Biochemical analysis data were analysed using Jamovi software [45]. Metabolite concentrations were analysed by one-way analysis of variance (ANOVA). Differences between means were assessed with Post Hoc Tukey test. The IC₅₀ values were analyzed using TableCurve 2Dv4 software.

5. Conclusions

The strongest inhibitions were observed with both hosts (Betula pendula and B. pubescens) based chaga extracts on the HepG2 cell line. In general, the cytotoxic activity of chaga extracts has been at a moderate or weak level.

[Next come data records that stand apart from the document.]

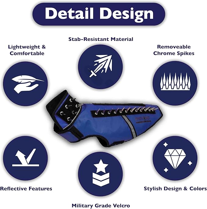 CoyoteVest SpikeVest Dog Harness Vest for Small Dogs, Reflective Dog Vest with Spikes to Shield Your pet from Coyotes, Raptor and Animal Attacks, Anti Hawk Vest, Made in USA(XS-Royal Blue)
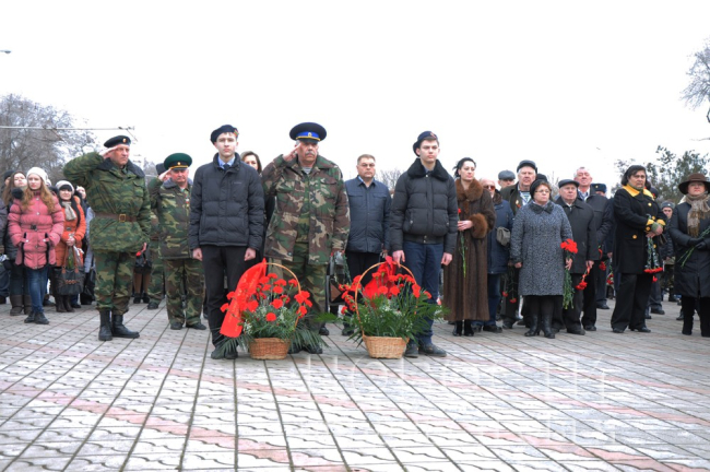 23 Feb, 2015, 13:20Собравшиеся возложили цветы к мемориальным плитам погибших в Великой Отечественной войне освободителей города
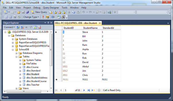 After installing the driver, we are ready to access MS SQL server database. We will connect to a local SQLExpress database server and fetch all the records from Student table in SchoolDB database shown below.
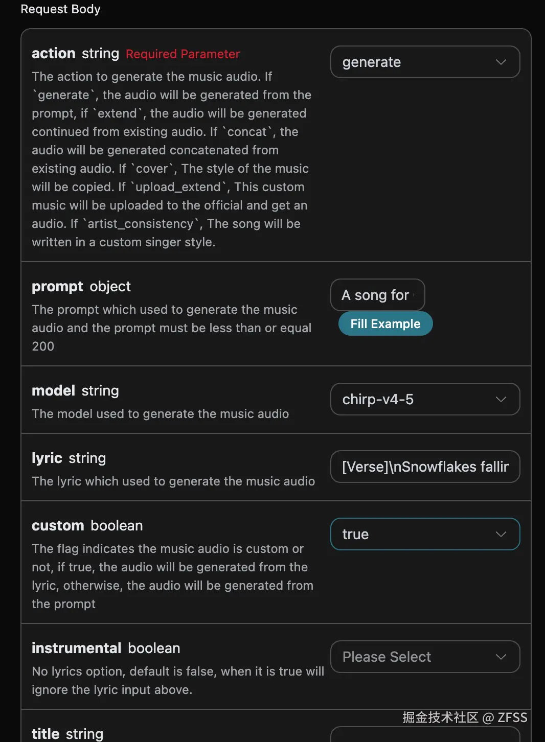 true,代表自定义生成,该参数默认为 false,代表使用prompt生成。 - title:歌曲的标题。

The B. pendula origin chaga extracts exert somewhat stronger effects on most cancer cell lines studied than B. pubescens parasitizing chaga extracts. This effect can be attributed to higher content of inotodiol in B. pendula origin extracts in comparison to B. pubescens. This is also the first comparative investigation of the chemical composition of I. obliquus parasitizing on B. pendula and B. pubescens.

The results of the study highlight the potential of chaga as a source of bioactive compounds with selective anti-cancer properties, encouraging further exploration of its therapeutic mechanisms and potential applications in cancer treatment.